В их отряде было 600 воинов вместе с госпитальерами и рыцарями из Назарета. Они встретили сарацинскую конницу, численность которой на самый беглый взгляд превышала 5 тысяч человек. Позднее выяснилось, что сарацинов было 7 тысяч, а предводительствовал ими брат Саладина Аль-Афдаль. Де Ридфор приказал бы атаковать их сразу же, ни секунды не раздумывая, насколько бы безрассудным это не выглядело, но в отряде были не только тамплиеры, а остальным он не мог приказать. Магистр госпитальеров Роже де Мулен сразу же сказал, что он против самоубийственной атаки.
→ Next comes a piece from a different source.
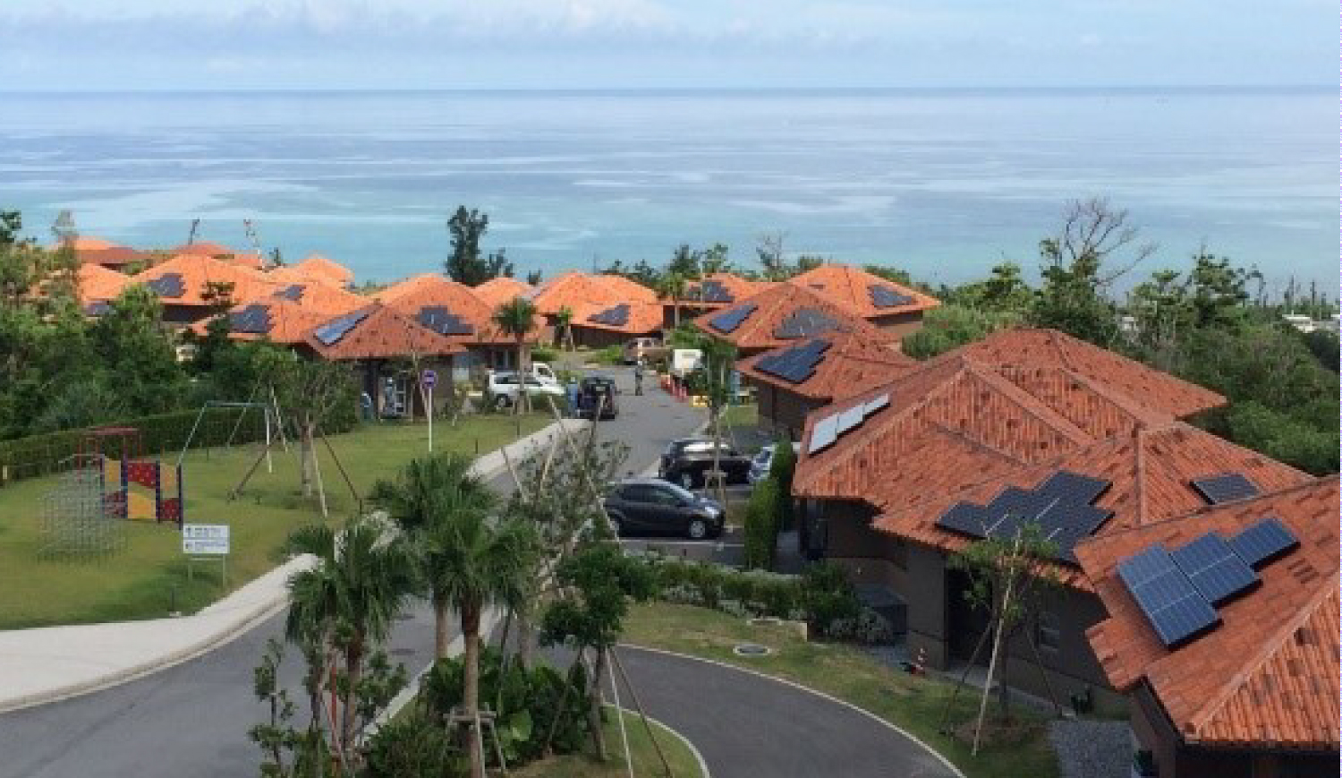 In this faculty housing project, our aim was to verify that a conventional power system and OES could work in concert. The capacity for each home was set at 3.5kW of photovoltaic (PV) cells, and a 4.8kWh battery, meaning OES would meet between 30% and 60% of the total power demand. However, by strengthening this capacity, it would be possible to achieve a greater share for renewable energy. (According to our simulations, PV10.0kW + battery 15.0kWh capacity would mean 93% of power coming from renewable energy) (This project was supported by the “Subtropical and Island Energy Infrastructure Technology Research Subsidy Program,” Okinawa Prefectural Government. Also, the test is being held in collaboration with Okinawa Institute of Science and Technology Graduate University (OIST), Okisokou、Ltd., and Sony Business Operations,Inc.)

А когда к этому мнению присоединился маршал тамплиеров Жак де Майи, де Ридфор пришёл в неописуемое бешенство. Он не мог ничего сказать магистру другого Ордена, а потому решил отыграться на своём маршале:
— Вы предлагаете отступить, брат Жак? Насколько я понимаю, это ваш любимый манёвр. Удрать — что может быть приятнее для Жака де Майи. Ведь он так любит свою белокурую голову! Он так хотел бы её сохранить!
Никто и никогда не имел права так разговаривать ни с одним рыцарем. Никто и никогда. Оскорбление, которое нанёс де Ридфор своему маршалу, было просто неслыханным. Лицо Жака стало белее, чем его волосы. Он очень тихо сказал:
— Я умру перед лицом врага, как человек чести.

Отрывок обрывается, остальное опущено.